I could see then that she wasn't wearing a wedding ring. That explained a lot. ‘I'll do it for you free, bab,' I said, ‘but how'll you take it with yer?'

‘Oh, it'll go in the car,' she said. ‘The back comes right down. I can get loads of things in there. But I must pay you. Is this enough?' She held out a pound note.

‘Yer on,' I said, thinking it was an easy bit of work. But in the end, it took me best part of an hour to get the flaming thing out. The woman kept getting in me way every time I picked up the chisel, saying, ‘Please be careful,' and, ‘Mind the tiles, won't you?' After a bit I said, ‘I'll get it out for you, love, as long as you stay well away. Otherwise I won't be responsible for that babby of yours.' So she sat down on a bucket as best she could, and stayed quiet. I went round and round the frame, easing the whole thing out. She kept smiling at me as if she was really pleased the way I was doing it. She looked really pretty when she smiled, and I couldn't help thinking about how she'd look tucked up in bed with her baby all nice and cosy, and the fire burning away in the grate.

Getting the thing into the boot of her little car was what really buggered me up. She couldn't help, of course, and it was really a two-man job.

‘You're daft, you are, Mick,' said Linda when I went home that night. ‘Fancy doing all that work for a quid!' She was even more annoyed the next day when I couldn't get out of bed and she had to ring Doody's to say I'd done me back in.

In the finish I was off work for six weeks, just getting me sick pay and no overtime – just when we needed the extra because of Linda giving up her job at the hairdresser's. But I couldn't say I minded, because suddenly I had all day with Kimberley. I didn't have to go out in the cold and leave her behind; I could nurse her as much as I liked. I looked after her every time Linda went out to the shops, and I gave her all her feeds because I was stuck in bed and Linda said I might as well make myself useful. I couldn't have been happier. We built up a real relationship, Kimberley and me. I'd chat to her and she'd look at me, intelligent-like, and grab tight at me little finger. I hardly remembered about me back, and Linda started to joke that I'd put the whole thing on, just so I could skive off with me daughter. ‘I bet she'll grow up to be a real daddy's girl,' she said. ‘I kin see it already.'

Kimberley's eight now. And I have to admit she's a bit spoiled, being the only one. We'd have liked more, but somehow it didn't happen. Linda pretends to be strict with her, but she isn't really; buys her a whole load of Barbies and My Little Ponies and fancy things to put in her hair. And me – well I can't say no to her, not when she looks up at me in that way, her eyes all clear and beautiful, just like when she was a babby them first six weeks. And I can't help remembering what first brought us together: that little woman and her bloody two-ton grate.

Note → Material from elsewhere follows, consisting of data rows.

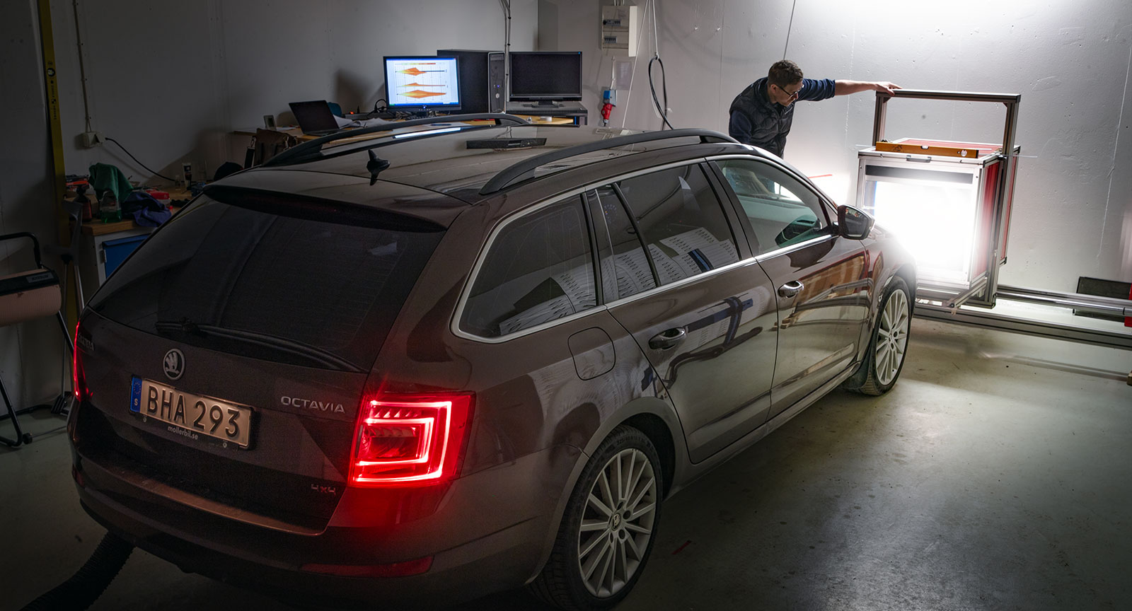 Med LED-lampor lyser Skoda Octavia både längre och bredare. Vi Bilägares unika ljuslabb har för låg takhöjd för husbilar, annars hade vi med stort intresse testat husbilsstrålkastare också!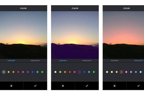 Por su parte, la herramienta Color cambia la tonalidad de las luces y sombras que tenga la fotografía y le da al usuario la opción de elegir entre amarillo, naranja, rojo, rosado, morado, azul, cyan y verde.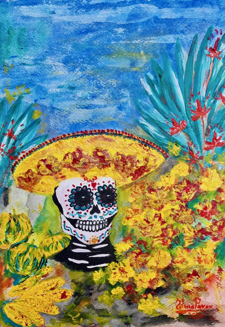 Day of the dead is a holiday that celebrates life in Mexico, and this painting with its vibrant colours gives light and joy to any space where it will be placed. Calavera, corn, cempasuchil flowers all come to celebrate life and death at the same time. An eye-catching accent in kitchens and bedrooms...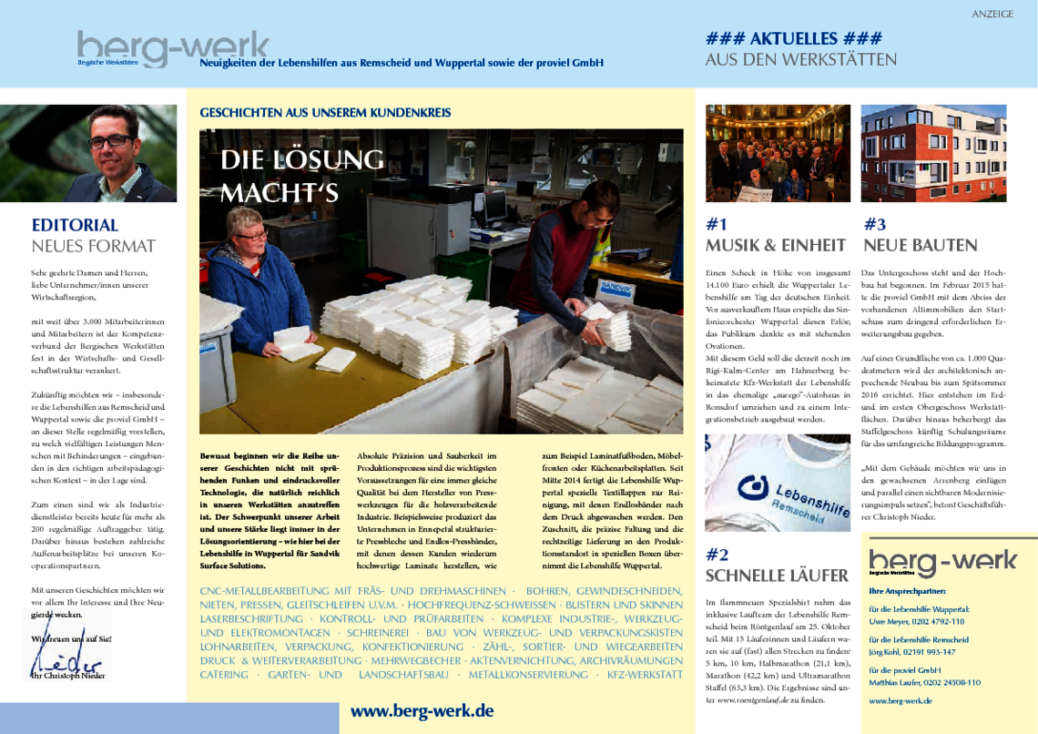 Im Trio mit den Lebenshilfen in Wuppertal und Remscheid haben wir uns jetzt dazu entschieden, über die Bergische Wirtschaft / Magazin der IHK Wuppertal-Solingen-Remscheid alle 2 Monate per Doppelseite die Leserinnen und Leser zu informieren.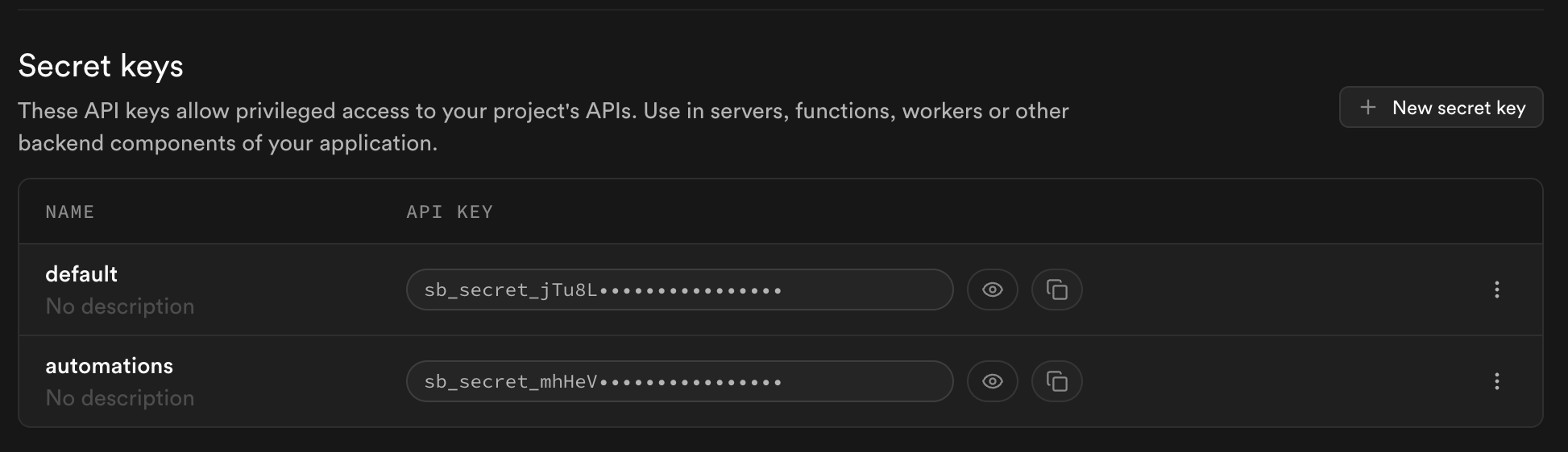 1import { withSupabase } from 'npm:@supabase/server'23export default {4 fetch: withSupabase({ allow: 'secret:automations' }, async (_req, ctx) => {5 // your business logic. ctx.supabaseAdmin bypasses RLS6 return Response.json({ ok: true })7 }),8}Create a named secret key for each caller in the Settings > API keys section of the Dashboard. Give it a name like "automations", and share the generated sb_secret_... value with the service that calls this function.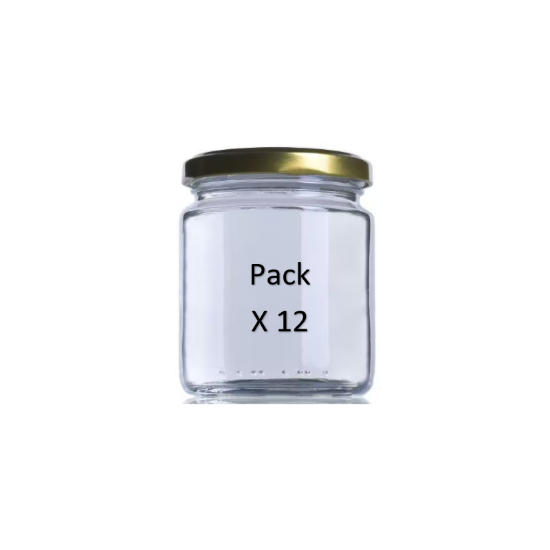 Tarro de vidrio con capacidad para 370 ml. Especial para conservas. Con boca rosca para sistema de cierre Twist Off 77 (incluida en el precio TO77 blanca con botón) Pack de 12 unidades con tapa TO77 blanca. Para pedidos superiores a 30 cajas solicitar presupuesto para calcular envíos por palet. abeyareina@gmail.com /985.555.137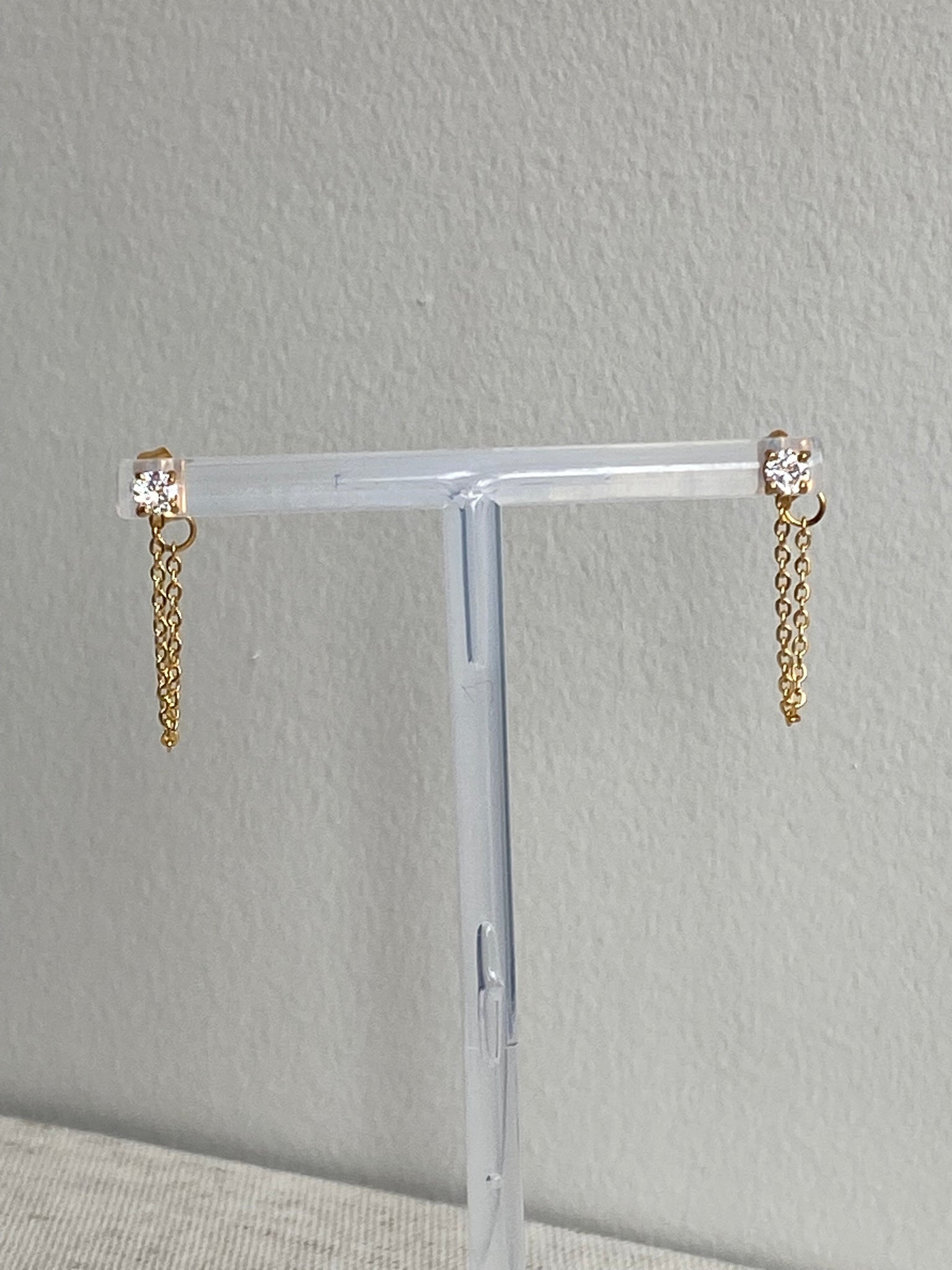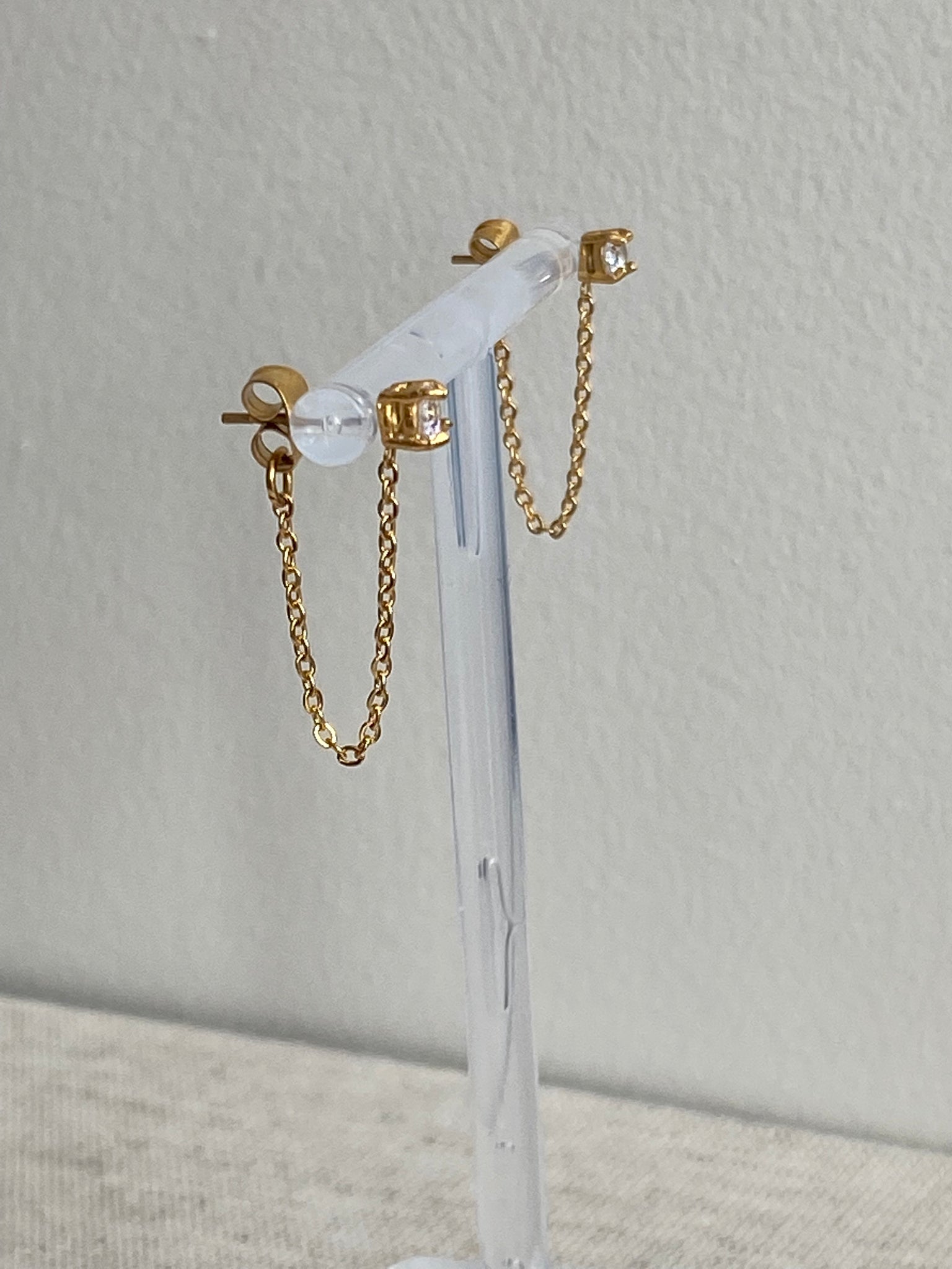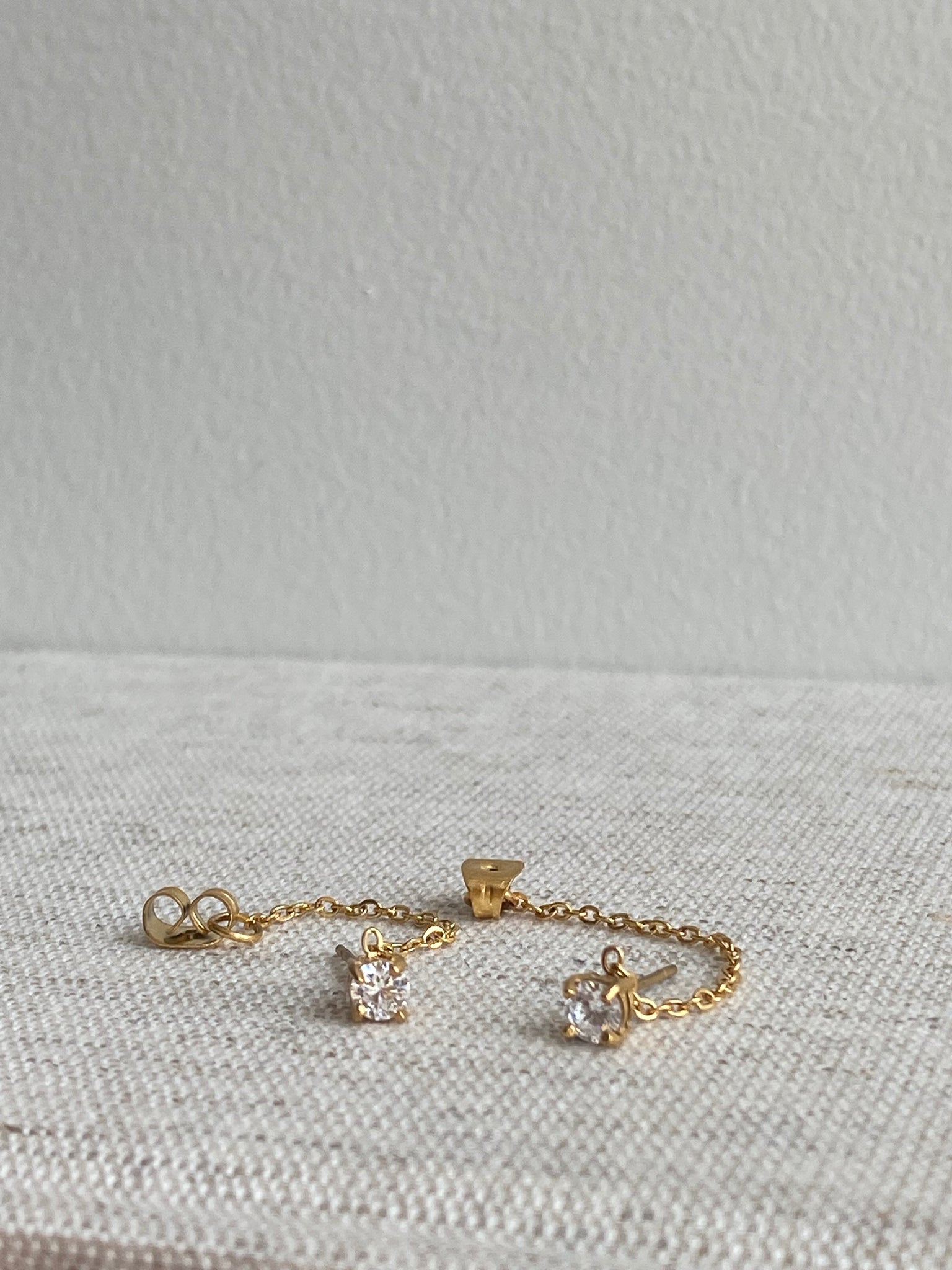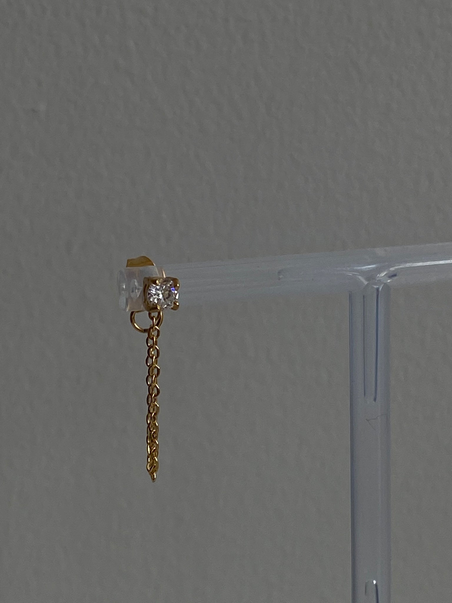 A simple stud, only better! Featuring the everyday classic with a delicate drop chain that fastens behind the ear to add an extra ounce of the unexpected to the everyday piece.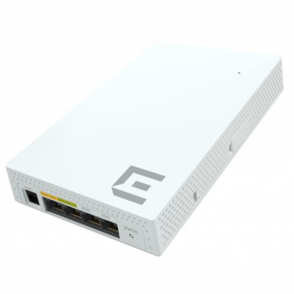 Punto di accesso e switch compatti con placca di classe enterprise con tecnologia IoT integrata, progettati per il montaggio a parete o su scrivania. Ideale per casi d’uso come camere d’albergo, navi da crociera, sale residenziali o altre implementazioni di unità abitative multiple.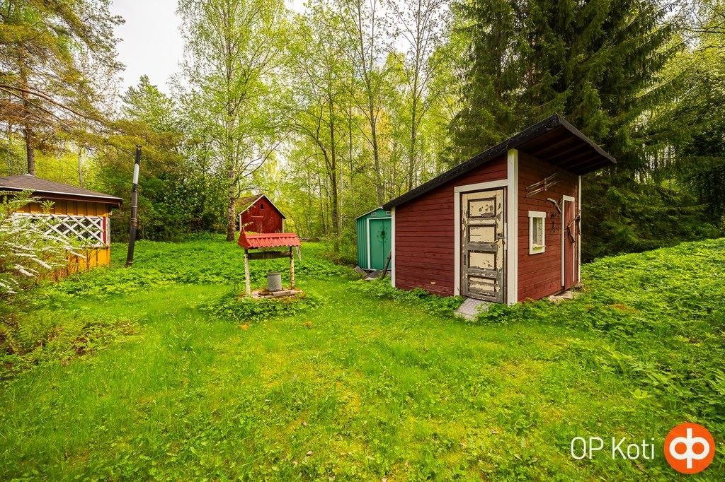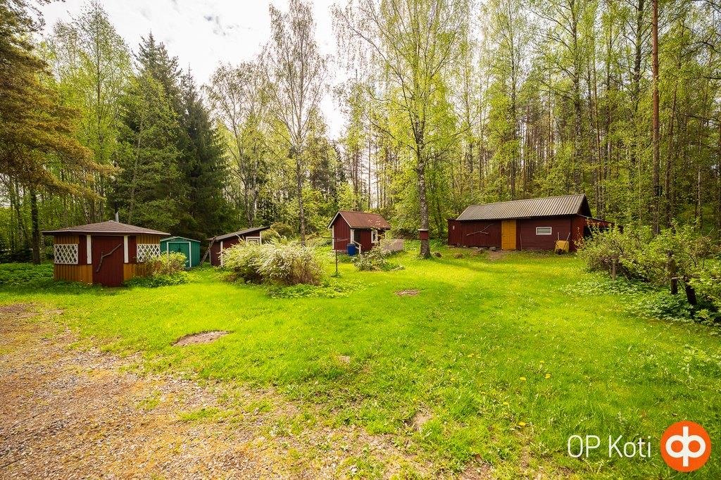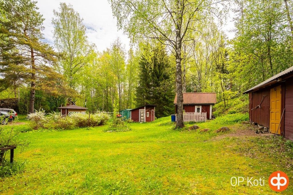 Pihapiiri tarjoaa monipuoliset tilat vapaa-ajan viettoon: grillikatos, verstas ja huvimaja täydentävät kokonaisuuden. Talo on kuntotarkastettu.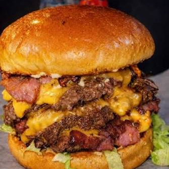 ALFACE, TOMATE, 2 HAMBURGUERES ARTESANAL 180G, BACON, OMELETE 4 QUEIJOS, CHEDDAR, CATUPIRY, MOLHO FLAWIONES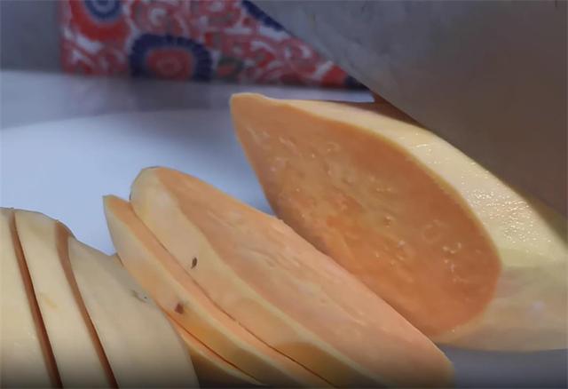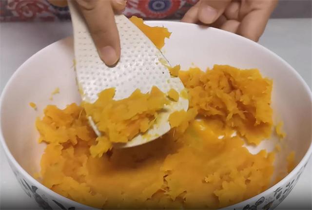 3.紅薯蒸好之后,我們取出,我們把紅薯搗成泥。

I've often thought about that woman over the years, and wondered how things turned out for her in the end. Her own kid would be just Kimberley's age, of course. A little girl, I liked to think, blonde like her mother. Every time I see a yellow car I think it might be her, but it never is. Our meeting in that house was a bit of a one-off. We only came together because she saw that skip, and I was looking out of the window.